Her account was completely different from the Government's. His reason told him she had no hard evidence, that the Science Division base had genuinely been destroyed, and that there was testimony from survivors placing her squarely at the scene as a combatant against Government forces.
But his instinct wouldn't let him dismiss her. It wouldn't let him act as though her words were nothing.
"I'm not asking you to believe me completely, Kake." Momousagi stepped forward, her voice serious in a way that left no room for anything but the words themselves. "I only want you to try to investigate. The Government isn't trustworthy. I want to make sure the people I care about don't get hurt by them."
She pressed her lips together. When Chaton looked at her face, there was something bright at the edges of her eyes. Not quite tears. Almost.
"Gion..."
The word came out of him before he had a thought to attach to it.

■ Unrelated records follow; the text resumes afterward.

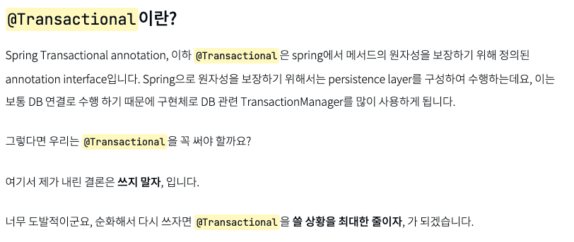트랜잭션 어노테이션을 사용하지 않는 것이다! ☠️
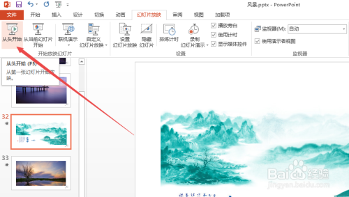 然后就起头录制了,在录制的过程中,点击播放幻灯片即可,可以按照需要点击,暂停等,然后可以按照需如果否配上配音;录制好之后,可以点击左上角的 从头起头 菜单来查看。
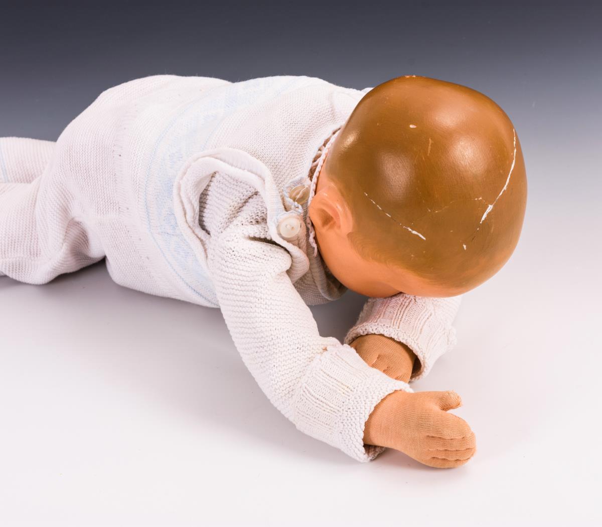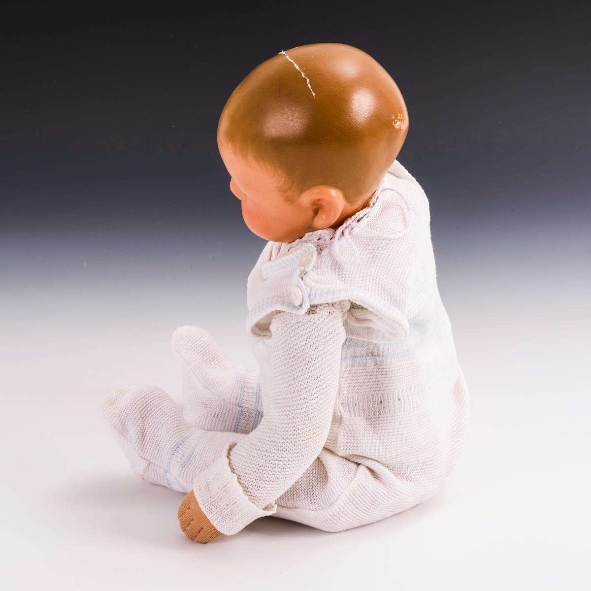 Bemalter Magnesitkopf mit geschlossenen Augen und gemalten Haaren. Trikotkörper mit Bauchnabel und Poloch. Weißer Strampler und Jüpchen. Kopf und linker Daumen mit Defekten.
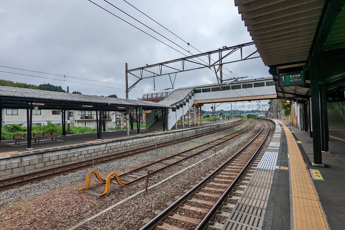 駅構造 地上駅である。駅舎側から、単式ホーム1面1線(1番線)と島式ホーム1面2線(2・3番線)、計2面3線のホームを有する。ホームはカーブしている。互いのホームは跨線橋で連絡している。また、1番線と2番線の間に横取線が1線あり、保線用車両の留置に利用されている。
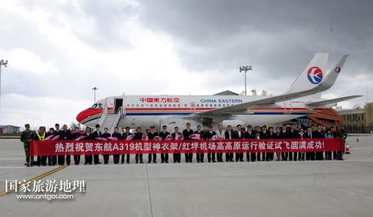 國家旅游地理 湖北神農(nóng)架4月28日訊 4月28日,試飛成功后機(jī)組人員在飛機(jī)前合影留念。當(dāng)日,東航A319機(jī)型在神農(nóng)架紅坪機(jī)場(chǎng)通過高高原運(yùn)行驗(yàn)證,試飛成功。神農(nóng)架機(jī)場(chǎng)海拔高度2580米,是華中地區(qū)海拔最高的機(jī)場(chǎng),將于5月8日正式通航,首飛東方航空公司的上海—武漢—神農(nóng)架航線。從武漢到神農(nóng)架的旅途時(shí)間將由過去乘汽車9小時(shí)縮短至50分鐘。 /新華社記者 郝同前攝
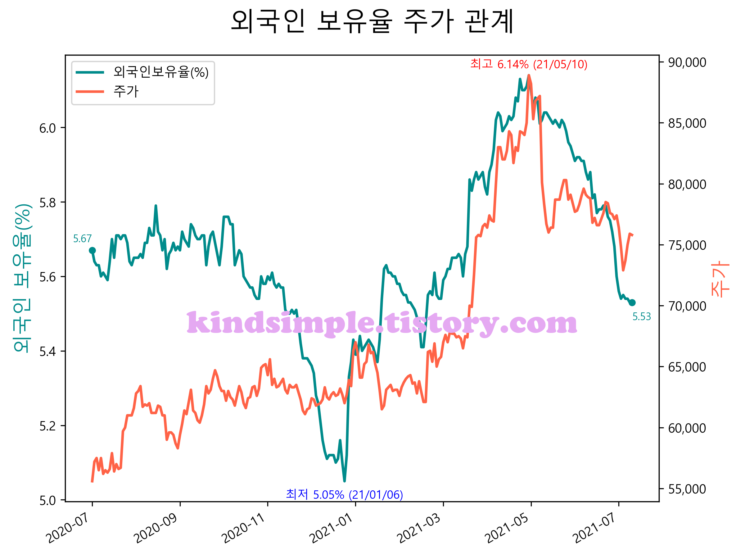 최근 1년간 외국인 보유율 및 주가와의 관계입니다.

"That's all for now, Kake. I hope you'll do something with this."
Momousagi stepped back slowly toward the terrace railing and dropped off the edge, straight down into the water below.
Chaton stayed where he was, standing in the sea wind, his mind a storm.
Momousagi entered the water to find Brett floating on his back nearby, apparently without a care in the world.
He turned his head toward her and grinned. "Well done. That last moment was exquisite. Absolutely perfect."
"Your Observation Haki is offensive." Momousagi's tone was flat.
"Will he actually help?"
"Trust me. He's already wavering completely." Brett's expression settled into something satisfied. "He's going to work very hard to find a reason to believe you."
Momousagi said nothing.
She genuinely did not understand how that worked.